This 1/0 man/woman white/black kind of binary is so ubiquitous in our culture it's kind of redundant to go and find examples - but it is in itself interesting that when you mention stuff like this, some people will always find a way to claim it is nonsense.
I think it's a desire for security amongst political turbulence - you say, this stuff is abstract and clean and without cultural baggage, so I can hide in it from the world, which is ugly and ambiguous and provokes uncomfortable reactions.
It's a kind of desire that's really common around engineering, mathsy people - I mean, part of the attraction of these subjects is you don't have to navigate anything sticky. So that's why it usually provokes a pretty extreme reaction if you profane the temple by bringing cultural stuff in.
A word or symbol does not represent every single thing that can be free-associated with it. If you want to show that "1" represents the Washington Monument, it is not sufficient (or even necessary) to point out that they're the same shape, you have to show some evidence that there once was a culture that used the symbol "1" whenever they wanted to say "2 15th St NW, Washington, DC."

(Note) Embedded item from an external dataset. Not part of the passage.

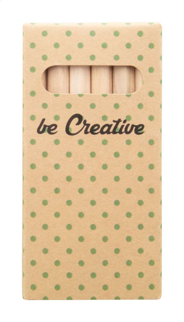Matite colorate in legno (6 pezzi) in scatola di cartoncino kraft stampato a colori. Il prezzo include la stampa digitale. MOQ: 100 pezzi.
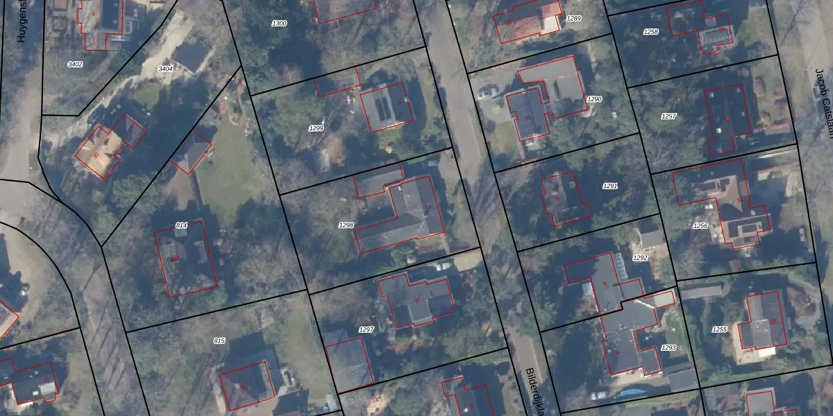 Het perceel waarop Bilderdijklaan 7 staat heeft een oppervlakte van 1077 m². Dit is een zeer groot perceel. De perceeloppervlakte wordt geregistreerd door het Kadaster. Gedetailleerde informatie over de maten van dit perceel kunt u vinden in het rapport Kadastrale kaart met maatvoering van Bilderdijklaan 7.

Using '1' to symbolise the washington monument would be reasonable, if the washington monument was something people very commonly referred to. It would also be reasonable to describe that as phallic. It wouldn't be reasonable to use 1 to refer to an address in DC, because you're jumping from three obviously formally similar things, to the street address of one of those things.

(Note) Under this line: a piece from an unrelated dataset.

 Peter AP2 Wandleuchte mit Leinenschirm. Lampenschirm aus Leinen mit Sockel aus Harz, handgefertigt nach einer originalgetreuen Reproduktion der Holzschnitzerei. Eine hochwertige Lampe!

It's a pretty good example of what people mean by free association - and why what I'm(1) doing isn't.
1- I mean, obviously I'm about the millionth person to make this particular observation.
You got a point there (pun intended :) about the symbol for zero.

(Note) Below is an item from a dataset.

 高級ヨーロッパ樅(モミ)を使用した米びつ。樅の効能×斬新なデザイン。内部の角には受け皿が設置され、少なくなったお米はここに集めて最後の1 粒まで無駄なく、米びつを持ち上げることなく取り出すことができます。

I guess I was being generous with interpreting the parent comment, by mentioning the (possibly common and cross-cultural) visual association of a circle with womanhood, a straight vertical line with manhood.
I didn't mean to imply that the symbols for zero and one have direct historical origins in those ideas - like the parent comment might have suggested - but I do think there is a philosophical or artistic merit in drawing the analogy.
Interesting, I've seen the symbols for Mars and Venus being used to represent genders, but not a square or triangle for male.
As for zero/circle/woman and one/vertical line/man.. I guess in my mind, they couldn't be more obvious, universal and simple - to put it crudely: the hole and the stick.
But also: off and on, dark and light, absence and presence.
(So far, I have found no historical evidence that supports the above theory, no basis in logic or fact. I'll leave it as idle speculation on a possible primordial/mythological way of thinking in pictures, with perhaps two of the most primitive symbols.)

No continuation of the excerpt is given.